Sticker tags infiltrate heart of E-ZPass - Niagara bridges NY-Ont (REVISED)
Victor Montalbo of the Niagara Falls Bridge Commission (NFBC) says that almost 70% of the trucks crossing their Queenston-Lewiston Bridge, the most northerly of the three Ontario Canada to New York State bridges in the Niagara area carry E-ZPass transponders on their windshields. But the Commission has chosen to go to electronic tolling with TransCore's eGo sticker tags instead.
"We looked very carefully at doing E-ZPass but it just isn't cost effective," says Montalbo, Director of Finance and
Administration, and he reels off the membership costs, the service charges, the rules and regulations, and equipment costs.
Service and credit card charges alone were going to be between $800k and $1m a year.
The transponders are nearly three times the price of sticker tags and the tags don't have batteries that eventually expire.
"It's just too expensive and too large," Montalbo says of E-ZPass IAG.
They haven 't closed off any E-ZPass options however.
"We can read the E-ZPass transponders going through."
They've bought multimode TransCore readers which can read E-ZPass as well as the eGo sticker tags.
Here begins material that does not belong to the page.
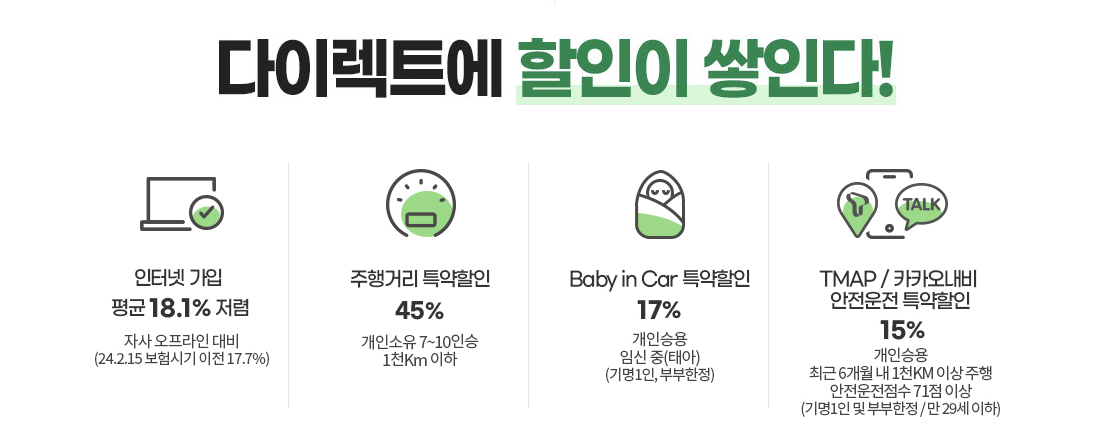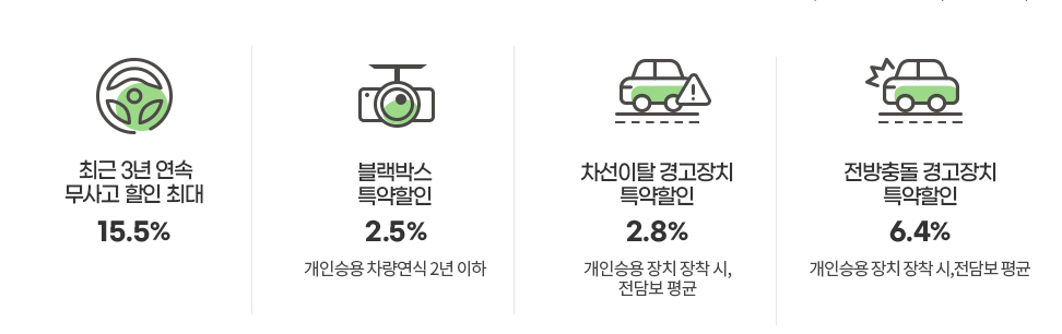 - 안전운전자 할인, 인터넷 가입 할인, 주행거리 할인 등 다양한 할인 혜택 제공

But because of the costs of belonging to the IAG for now they are doing electronic tolling without dealing with E-ZPass transponder accounts.
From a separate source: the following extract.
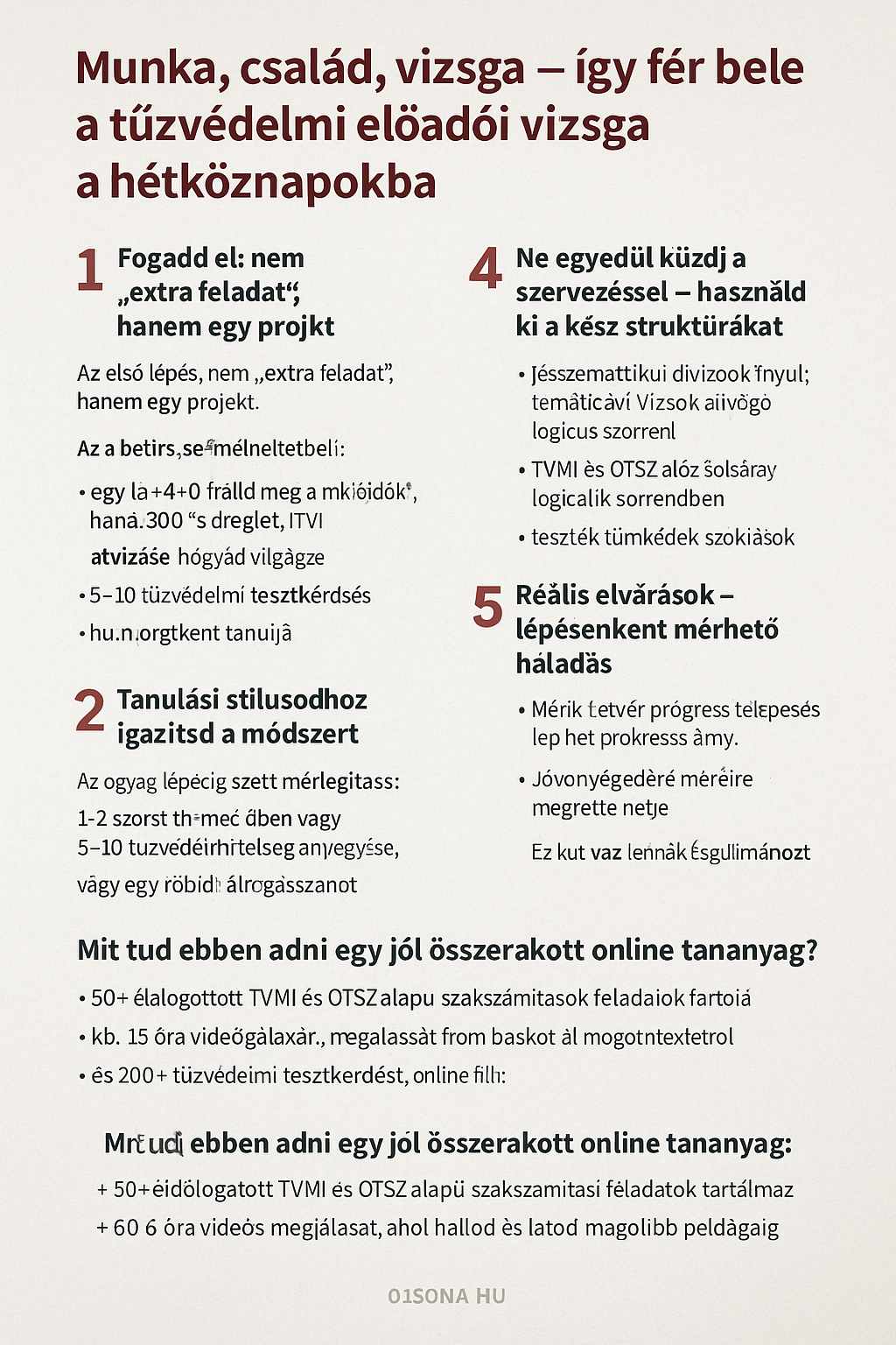 Ha tűzvédelmi előadói vizsgára készülsz, valószínűleg nem egyetemista vagy, aki ráér egész nap tanulni. Dolgozol, ott a család, határidők, felelősség, közben pedig valahogy be kéne zsúfolni:

Many customers will probably carry both ExpressPass and E-ZPass devices. The two work together without
interference.
E-ZPass is used heavily on the New York State Thruway with toll points on I-190 on Grand Island just a few miles away from the NFBC bridges. The Peace Bridge a bit upriver above the falls in Buffalo is part of E-ZPass, but no other border crossings are members of the IAG. Several use proximity cards which the motorist must hold to within about 500mm (20inches) of a reader located convenient to the driver window.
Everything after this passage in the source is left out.